Could you write out every record below exactly, leaving out any pictures?
Provided data START
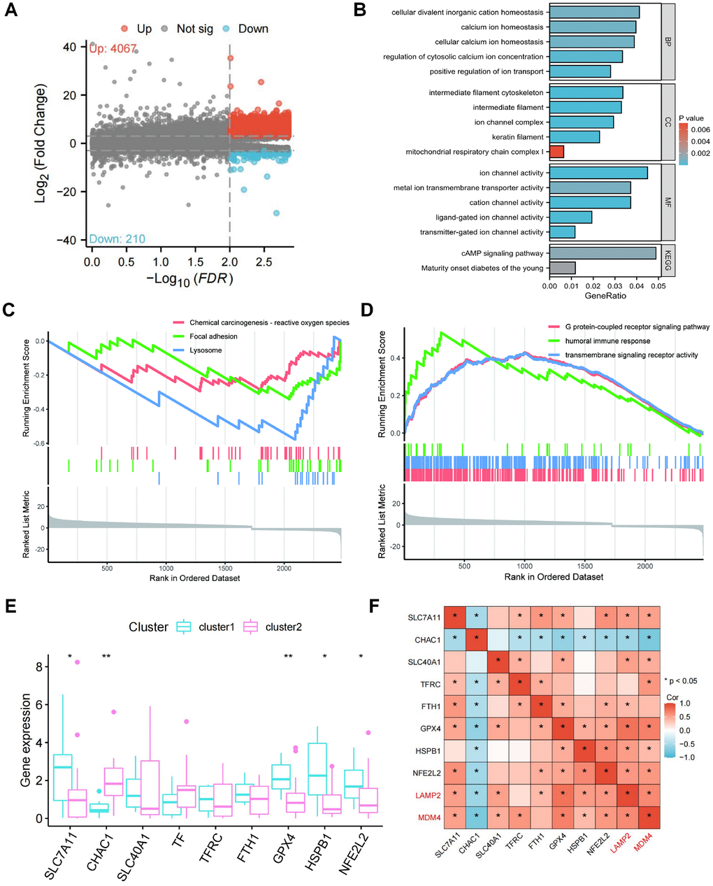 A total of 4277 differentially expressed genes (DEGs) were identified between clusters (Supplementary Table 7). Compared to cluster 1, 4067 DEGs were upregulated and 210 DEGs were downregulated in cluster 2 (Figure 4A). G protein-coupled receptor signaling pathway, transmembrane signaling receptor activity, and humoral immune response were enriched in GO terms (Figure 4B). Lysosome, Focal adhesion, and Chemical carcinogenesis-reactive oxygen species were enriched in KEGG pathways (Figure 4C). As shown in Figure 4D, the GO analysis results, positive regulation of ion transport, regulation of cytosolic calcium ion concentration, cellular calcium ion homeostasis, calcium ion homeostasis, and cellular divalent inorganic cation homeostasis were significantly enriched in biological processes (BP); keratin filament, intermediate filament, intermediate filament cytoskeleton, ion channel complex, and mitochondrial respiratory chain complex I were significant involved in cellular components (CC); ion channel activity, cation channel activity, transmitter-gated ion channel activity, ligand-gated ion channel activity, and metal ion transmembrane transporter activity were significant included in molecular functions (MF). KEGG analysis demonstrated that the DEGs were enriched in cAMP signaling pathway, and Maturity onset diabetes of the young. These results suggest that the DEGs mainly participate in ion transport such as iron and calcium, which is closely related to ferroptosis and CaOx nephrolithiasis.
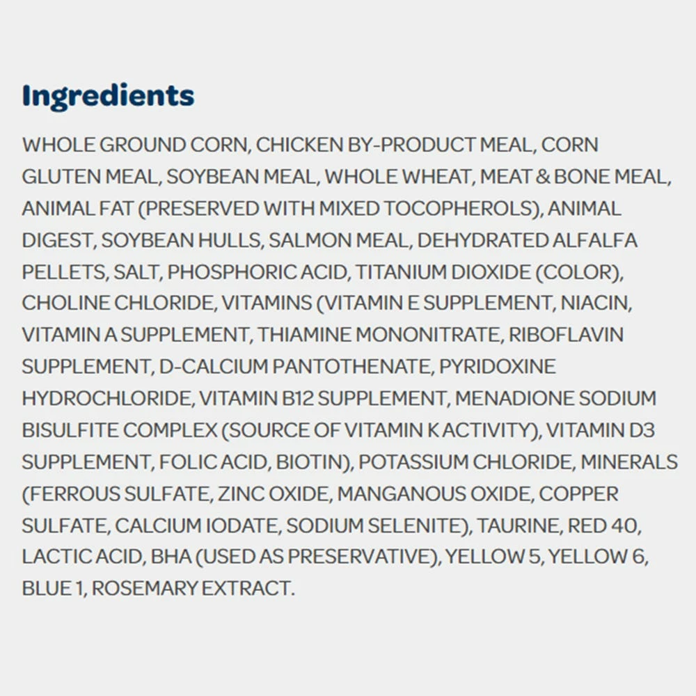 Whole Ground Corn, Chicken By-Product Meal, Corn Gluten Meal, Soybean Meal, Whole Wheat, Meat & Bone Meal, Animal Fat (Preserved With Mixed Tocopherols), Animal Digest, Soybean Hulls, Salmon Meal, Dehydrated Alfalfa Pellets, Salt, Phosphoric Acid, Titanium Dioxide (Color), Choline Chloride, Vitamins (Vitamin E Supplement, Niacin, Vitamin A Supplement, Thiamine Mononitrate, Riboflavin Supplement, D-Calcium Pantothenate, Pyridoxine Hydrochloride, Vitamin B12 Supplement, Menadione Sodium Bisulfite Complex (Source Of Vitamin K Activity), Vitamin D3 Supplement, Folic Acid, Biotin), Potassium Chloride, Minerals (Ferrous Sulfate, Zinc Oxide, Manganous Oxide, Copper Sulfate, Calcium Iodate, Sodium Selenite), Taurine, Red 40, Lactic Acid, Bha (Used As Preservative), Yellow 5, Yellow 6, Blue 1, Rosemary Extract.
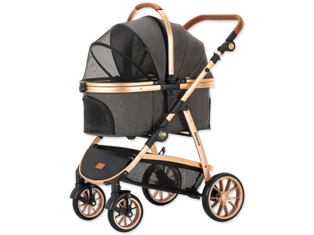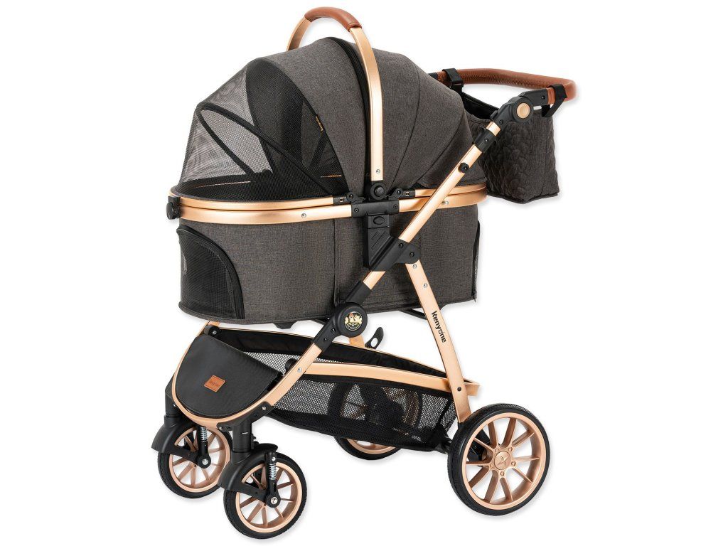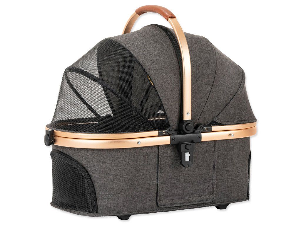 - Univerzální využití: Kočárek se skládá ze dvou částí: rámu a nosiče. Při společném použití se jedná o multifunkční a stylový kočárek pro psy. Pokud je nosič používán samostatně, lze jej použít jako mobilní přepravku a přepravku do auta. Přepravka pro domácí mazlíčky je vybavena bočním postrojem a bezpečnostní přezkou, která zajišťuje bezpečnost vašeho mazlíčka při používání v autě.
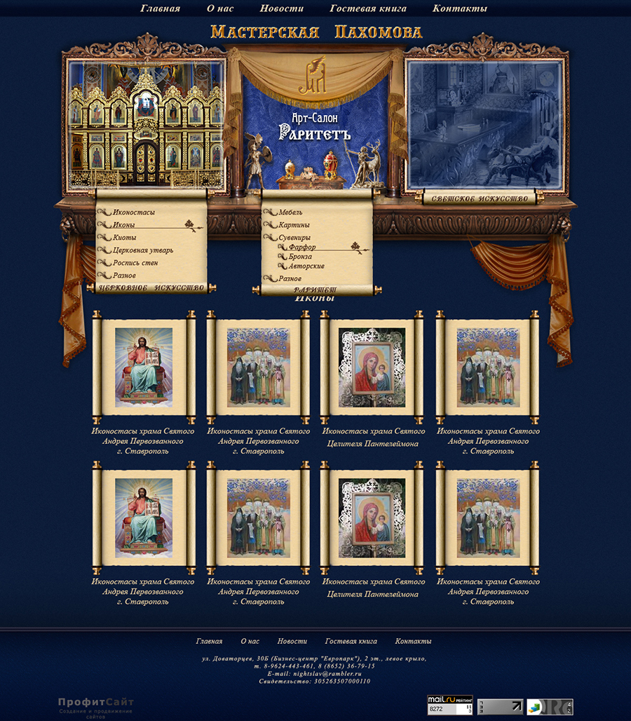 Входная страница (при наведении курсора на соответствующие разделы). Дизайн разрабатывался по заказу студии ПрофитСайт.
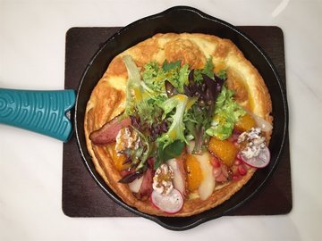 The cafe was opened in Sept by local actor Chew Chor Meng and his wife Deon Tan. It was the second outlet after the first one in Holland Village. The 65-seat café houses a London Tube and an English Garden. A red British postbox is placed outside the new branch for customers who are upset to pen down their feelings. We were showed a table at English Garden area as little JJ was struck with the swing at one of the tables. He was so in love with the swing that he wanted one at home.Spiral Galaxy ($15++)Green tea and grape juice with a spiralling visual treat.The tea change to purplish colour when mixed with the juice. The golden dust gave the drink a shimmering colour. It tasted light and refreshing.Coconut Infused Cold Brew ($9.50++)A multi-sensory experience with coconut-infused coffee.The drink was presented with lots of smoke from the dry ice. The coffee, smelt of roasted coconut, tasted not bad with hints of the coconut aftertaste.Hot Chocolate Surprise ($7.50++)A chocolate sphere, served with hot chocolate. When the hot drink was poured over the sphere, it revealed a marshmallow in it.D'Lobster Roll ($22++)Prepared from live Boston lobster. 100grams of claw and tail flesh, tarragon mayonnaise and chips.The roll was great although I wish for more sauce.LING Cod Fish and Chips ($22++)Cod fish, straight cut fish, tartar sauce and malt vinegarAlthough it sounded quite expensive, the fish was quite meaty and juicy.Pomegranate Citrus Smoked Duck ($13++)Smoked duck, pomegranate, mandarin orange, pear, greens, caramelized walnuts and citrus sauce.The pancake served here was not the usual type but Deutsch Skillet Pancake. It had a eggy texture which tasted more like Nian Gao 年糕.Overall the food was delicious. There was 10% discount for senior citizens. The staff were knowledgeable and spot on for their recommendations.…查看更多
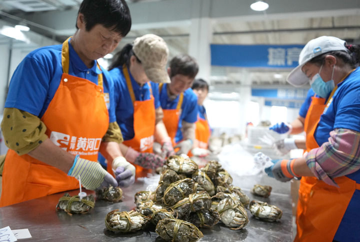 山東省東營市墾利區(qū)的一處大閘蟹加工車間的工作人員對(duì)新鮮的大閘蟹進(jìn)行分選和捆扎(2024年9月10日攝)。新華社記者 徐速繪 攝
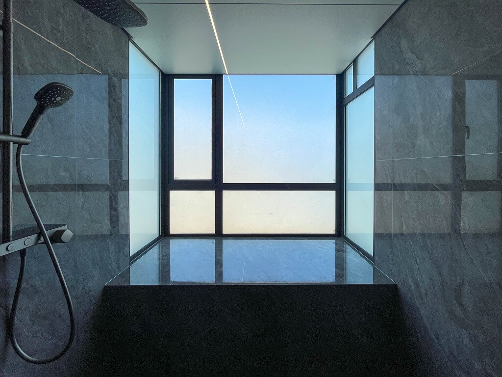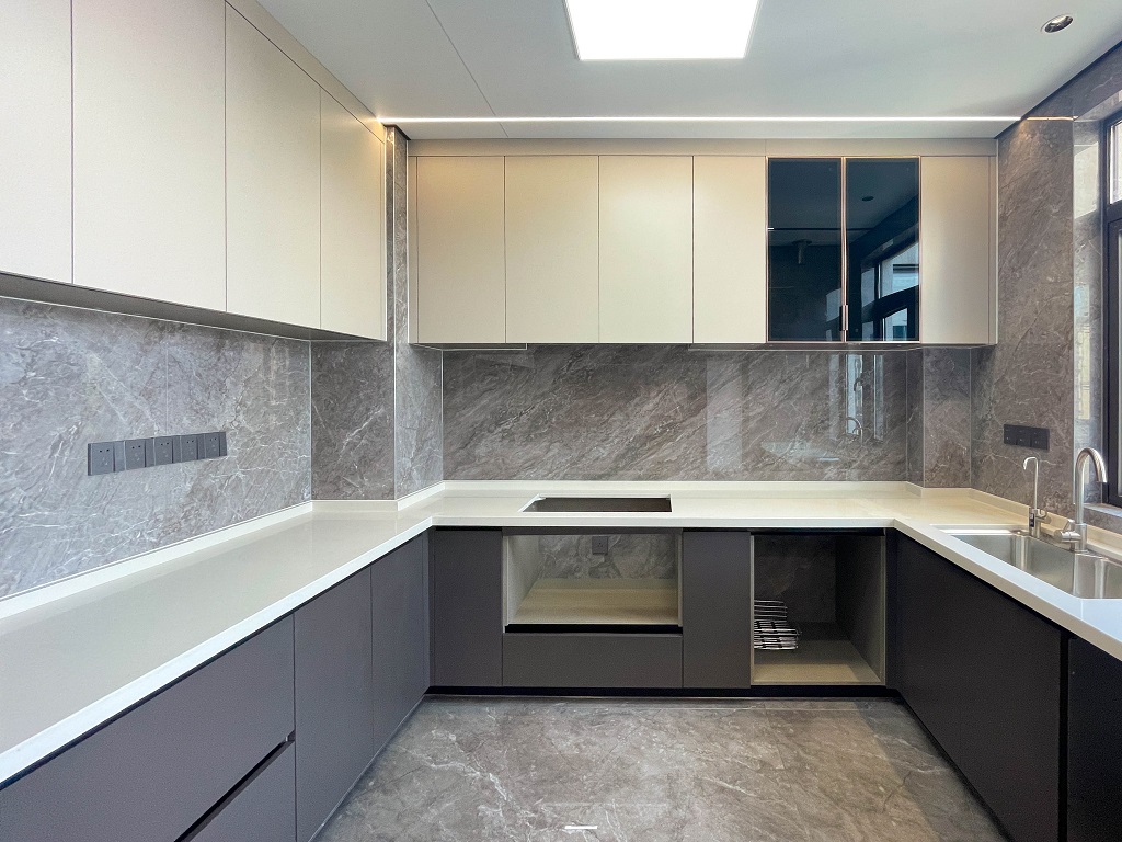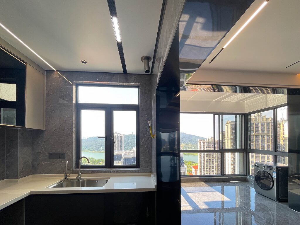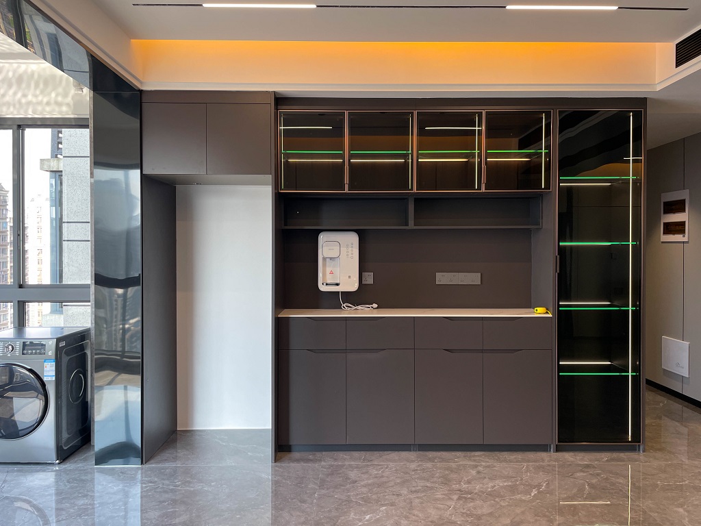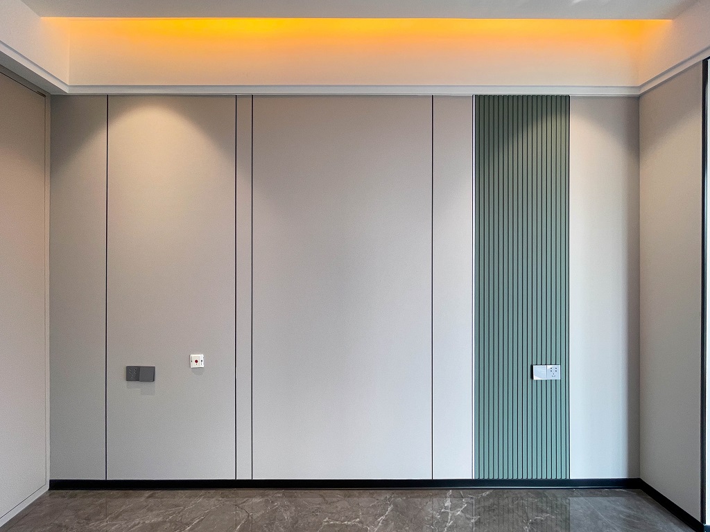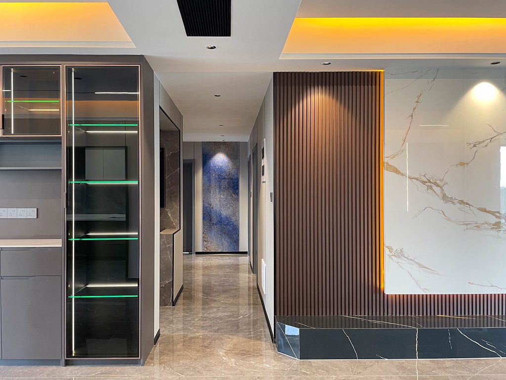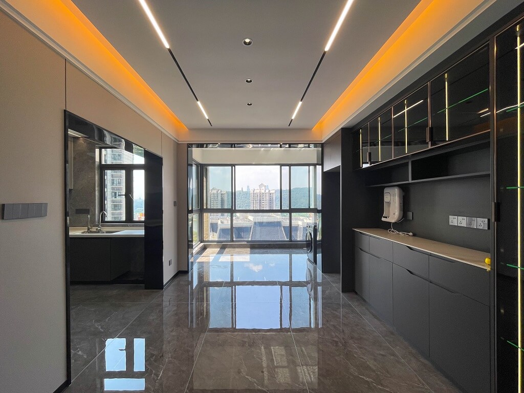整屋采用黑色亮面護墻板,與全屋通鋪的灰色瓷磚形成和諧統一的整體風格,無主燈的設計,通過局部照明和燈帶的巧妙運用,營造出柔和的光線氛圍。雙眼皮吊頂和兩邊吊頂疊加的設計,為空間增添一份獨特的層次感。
Provided data END
--- Solution to this exercise ---
 A total of 4277 differentially expressed genes (DEGs) were identified between clusters (Supplementary Table 7). Compared to cluster 1, 4067 DEGs were upregulated and 210 DEGs were downregulated in cluster 2 (Figure 4A). G protein-coupled receptor signaling pathway, transmembrane signaling receptor activity, and humoral immune response were enriched in GO terms (Figure 4B). Lysosome, Focal adhesion, and Chemical carcinogenesis-reactive oxygen species were enriched in KEGG pathways (Figure 4C). As shown in Figure 4D, the GO analysis results, positive regulation of ion transport, regulation of cytosolic calcium ion concentration, cellular calcium ion homeostasis, calcium ion homeostasis, and cellular divalent inorganic cation homeostasis were significantly enriched in biological processes (BP); keratin filament, intermediate filament, intermediate filament cytoskeleton, ion channel complex, and mitochondrial respiratory chain complex I were significant involved in cellular components (CC); ion channel activity, cation channel activity, transmitter-gated ion channel activity, ligand-gated ion channel activity, and metal ion transmembrane transporter activity were significant included in molecular functions (MF). KEGG analysis demonstrated that the DEGs were enriched in cAMP signaling pathway, and Maturity onset diabetes of the young. These results suggest that the DEGs mainly participate in ion transport such as iron and calcium, which is closely related to ferroptosis and CaOx nephrolithiasis.
 Whole Ground Corn, Chicken By-Product Meal, Corn Gluten Meal, Soybean Meal, Whole Wheat, Meat & Bone Meal, Animal Fat (Preserved With Mixed Tocopherols), Animal Digest, Soybean Hulls, Salmon Meal, Dehydrated Alfalfa Pellets, Salt, Phosphoric Acid, Titanium Dioxide (Color), Choline Chloride, Vitamins (Vitamin E Supplement, Niacin, Vitamin A Supplement, Thiamine Mononitrate, Riboflavin Supplement, D-Calcium Pantothenate, Pyridoxine Hydrochloride, Vitamin B12 Supplement, Menadione Sodium Bisulfite Complex (Source Of Vitamin K Activity), Vitamin D3 Supplement, Folic Acid, Biotin), Potassium Chloride, Minerals (Ferrous Sulfate, Zinc Oxide, Manganous Oxide, Copper Sulfate, Calcium Iodate, Sodium Selenite), Taurine, Red 40, Lactic Acid, Bha (Used As Preservative), Yellow 5, Yellow 6, Blue 1, Rosemary Extract.
 - Univerzální využití: Kočárek se skládá ze dvou částí: rámu a nosiče. Při společném použití se jedná o multifunkční a stylový kočárek pro psy. Pokud je nosič používán samostatně, lze jej použít jako mobilní přepravku a přepravku do auta. Přepravka pro domácí mazlíčky je vybavena bočním postrojem a bezpečnostní přezkou, která zajišťuje bezpečnost vašeho mazlíčka při používání v autě.
 Входная страница (при наведении курсора на соответствующие разделы). Дизайн разрабатывался по заказу студии ПрофитСайт.
 The cafe was opened in Sept by local actor Chew Chor Meng and his wife Deon Tan. It was the second outlet after the first one in Holland Village. The 65-seat café houses a London Tube and an English Garden. A red British postbox is placed outside the new branch for customers who are upset to pen down their feelings. We were showed a table at English Garden area as little JJ was struck with the swing at one of the tables. He was so in love with the swing that he wanted one at home.Spiral Galaxy ($15++)Green tea and grape juice with a spiralling visual treat.The tea change to purplish colour when mixed with the juice. The golden dust gave the drink a shimmering colour. It tasted light and refreshing.Coconut Infused Cold Brew ($9.50++)A multi-sensory experience with coconut-infused coffee.The drink was presented with lots of smoke from the dry ice. The coffee, smelt of roasted coconut, tasted not bad with hints of the coconut aftertaste.Hot Chocolate Surprise ($7.50++)A chocolate sphere, served with hot chocolate. When the hot drink was poured over the sphere, it revealed a marshmallow in it.D'Lobster Roll ($22++)Prepared from live Boston lobster. 100grams of claw and tail flesh, tarragon mayonnaise and chips.The roll was great although I wish for more sauce.LING Cod Fish and Chips ($22++)Cod fish, straight cut fish, tartar sauce and malt vinegarAlthough it sounded quite expensive, the fish was quite meaty and juicy.Pomegranate Citrus Smoked Duck ($13++)Smoked duck, pomegranate, mandarin orange, pear, greens, caramelized walnuts and citrus sauce.The pancake served here was not the usual type but Deutsch Skillet Pancake. It had a eggy texture which tasted more like Nian Gao 年糕.Overall the food was delicious. There was 10% discount for senior citizens. The staff were knowledgeable and spot on for their recommendations.…查看更多
 山東省東營市墾利區(qū)的一處大閘蟹加工車間的工作人員對(duì)新鮮的大閘蟹進(jìn)行分選和捆扎(2024年9月10日攝)。新華社記者 徐速繪 攝
整屋采用黑色亮面護墻板,與全屋通鋪的灰色瓷磚形成和諧統一的整體風格,無主燈的設計,通過局部照明和燈帶的巧妙運用,營造出柔和的光線氛圍。雙眼皮吊頂和兩邊吊頂疊加的設計,為空間增添一份獨特的層次感。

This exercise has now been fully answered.